HLDsystem_design~25 mins

Social graph storage in HLD - System Design Exercise

Choose your learning style9 modes available

Learn Why Deep Arch Practice Challenge Design Recall Scale

Design: Social Graph Storage System

Design focuses on storage and query of social graph connections. User authentication, UI, and recommendation algorithms are out of scope.

Functional Requirements

FR1: Store user profiles and their connections (friends, followers).

FR2: Support adding and removing connections between users.

FR3: Efficiently query direct connections of a user.

FR4: Support querying mutual connections between two users.

FR5: Handle up to 100 million users and 10 billion connections.

FR6: Provide low latency queries (p99 < 100ms) for connection lookups.

FR7: Ensure data consistency for connection updates.

FR8: Support eventual consistency for large-scale replication.

Non-Functional Requirements

NFR1: Scale to 100 million users and 10 billion edges.

NFR2: API response latency p99 under 100ms for read queries.

NFR3: Availability target 99.9% uptime (about 8.77 hours downtime/year).

NFR4: Data storage must be cost-effective and scalable.

NFR5: Support horizontal scaling for both reads and writes.

Think Before You Design

Questions to Ask

❓ Question 1

❓ Question 2

❓ Question 3

❓ Question 4

❓ Question 5

❓ Question 6

❓ Question 7

Key Components

Graph database or specialized graph storage system

Caching layer for frequent queries

API layer for connection management and queries

Replication and backup system

Load balancer for distributing requests

Monitoring and alerting system

Design Patterns

Graph data modeling (adjacency list, edge list)

Sharding and partitioning of graph data

Caching strategies for graph queries

Eventual consistency with conflict resolution

Batch processing for analytics and maintenance

Reference Architecture

Client
  |
  v
Load Balancer
  |
  v
API Servers (REST/gRPC)
  |
  v
Cache Layer (Redis or Memcached)
  |
  v
Graph Storage Cluster (e.g., Neo4j, JanusGraph with Cassandra)
  |
  v
Replication & Backup Storage

Monitoring & Alerting System (parallel)

Components

API Servers

REST/gRPC services

Handle client requests for adding/removing connections and querying social graph

Load Balancer

Nginx or cloud LB

Distribute incoming requests evenly across API servers

Cache Layer

Redis or Memcached

Cache frequent queries like user connections to reduce latency

Graph Storage Cluster

Neo4j or JanusGraph with Cassandra backend

Store user nodes and edges representing connections; support graph queries

Replication & Backup Storage

Cassandra or distributed file system

Ensure data durability and availability across data centers

Monitoring & Alerting System

Prometheus, Grafana

Track system health, latency, errors, and trigger alerts

Request Flow

1. Client sends request to add/remove connection or query connections.

2. Load balancer routes request to one of the API servers.

3. API server checks cache for query requests; if cache miss, queries graph storage.

4. For write requests, API server updates graph storage and invalidates relevant cache entries.

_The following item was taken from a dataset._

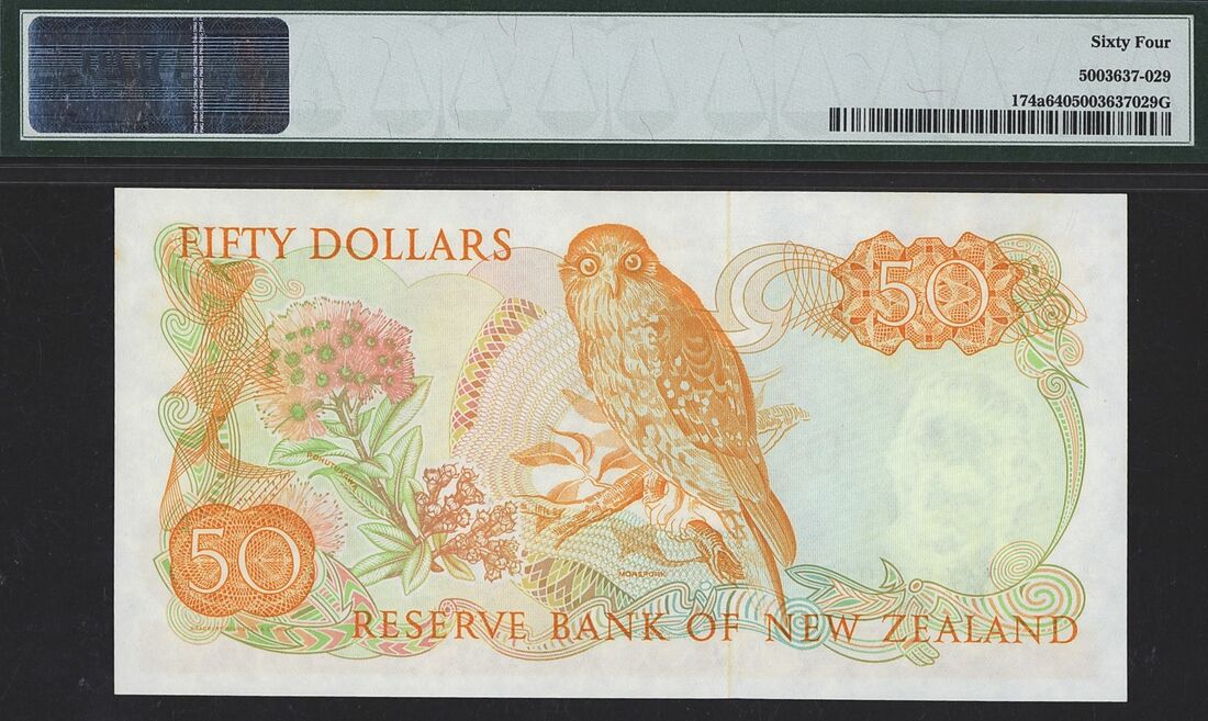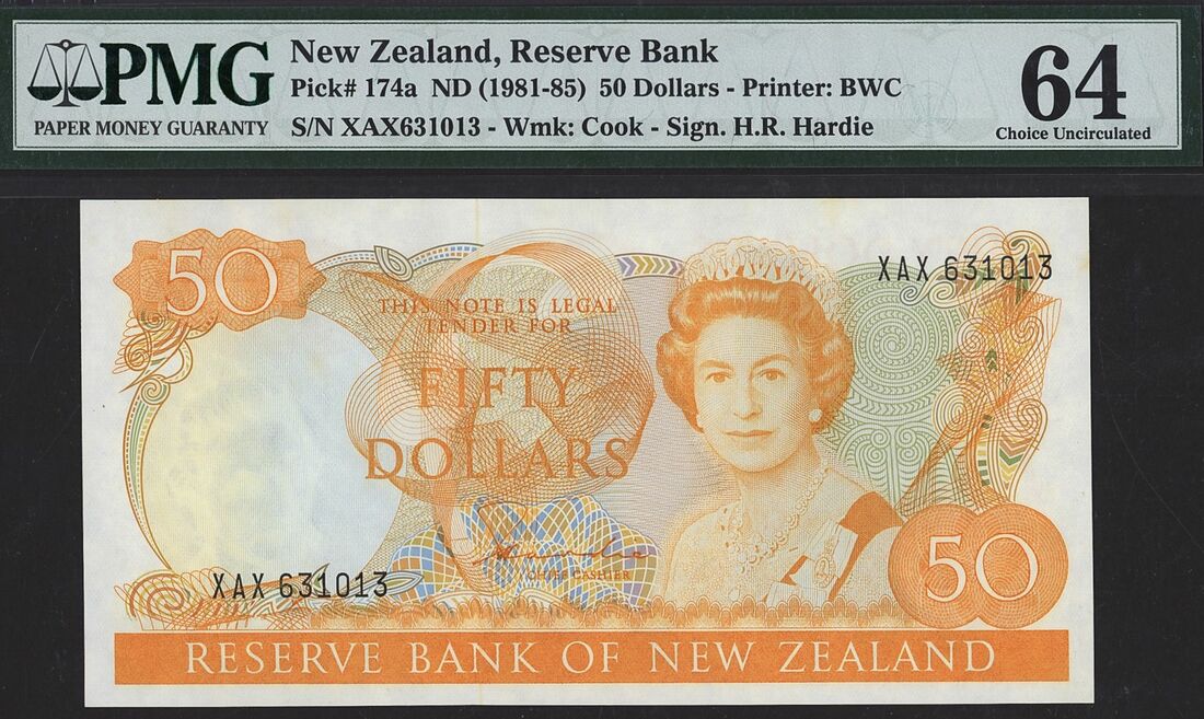 (x) Reserve Bank of New Zealand, 50 Dollars, ND (1981085), serial number XAX631013, (Pick 174a), in PMG holder 64 Choice Uncirculated

5. Graph storage persists changes and replicates data asynchronously.

6. API server returns response to client with connection data or confirmation.

7. Monitoring system collects metrics from all components continuously.

Database Schema

Entities: - User: user_id (PK), name, profile_data - Connection: from_user_id (FK to User), to_user_id (FK to User), connection_type, created_at Relationships: - User to Connection is 1:N (one user can have many connections) - Connections can be directed (follower) or undirected (friendship stored as two directed edges) Indexes: - Index on from_user_id for fast lookup of user's connections - Composite index on (from_user_id, to_user_id) for quick existence checks Storage: - Use adjacency list model storing edges per user node for efficient traversal

Scaling Discussion

Bottlenecks

Graph storage cluster can become slow with very large number of edges per user.

Cache invalidation complexity increases with frequent writes.

Load balancer and API servers can become overwhelmed with high request volume.

Replication lag can cause stale reads in multi-region setups.

Solutions

Shard graph data by user_id ranges or hash to distribute load across multiple storage nodes.

Use write-back cache with TTL and selective invalidation to balance freshness and performance.

Auto-scale API servers and load balancers based on traffic patterns.

Implement multi-master replication with conflict resolution or use read-your-writes consistency models.

Interview Tips

Time: Spend 10 minutes clarifying requirements and constraints, 20 minutes designing architecture and data model, 10 minutes discussing scaling and trade-offs, 5 minutes summarizing.

Clarify types of connections and query patterns before designing.

Explain choice of graph database and caching for performance.

Discuss data model focusing on adjacency list for efficient queries.

Highlight how to handle scale with sharding and replication.

Mention trade-offs between consistency and availability.

Show awareness of monitoring and operational concerns.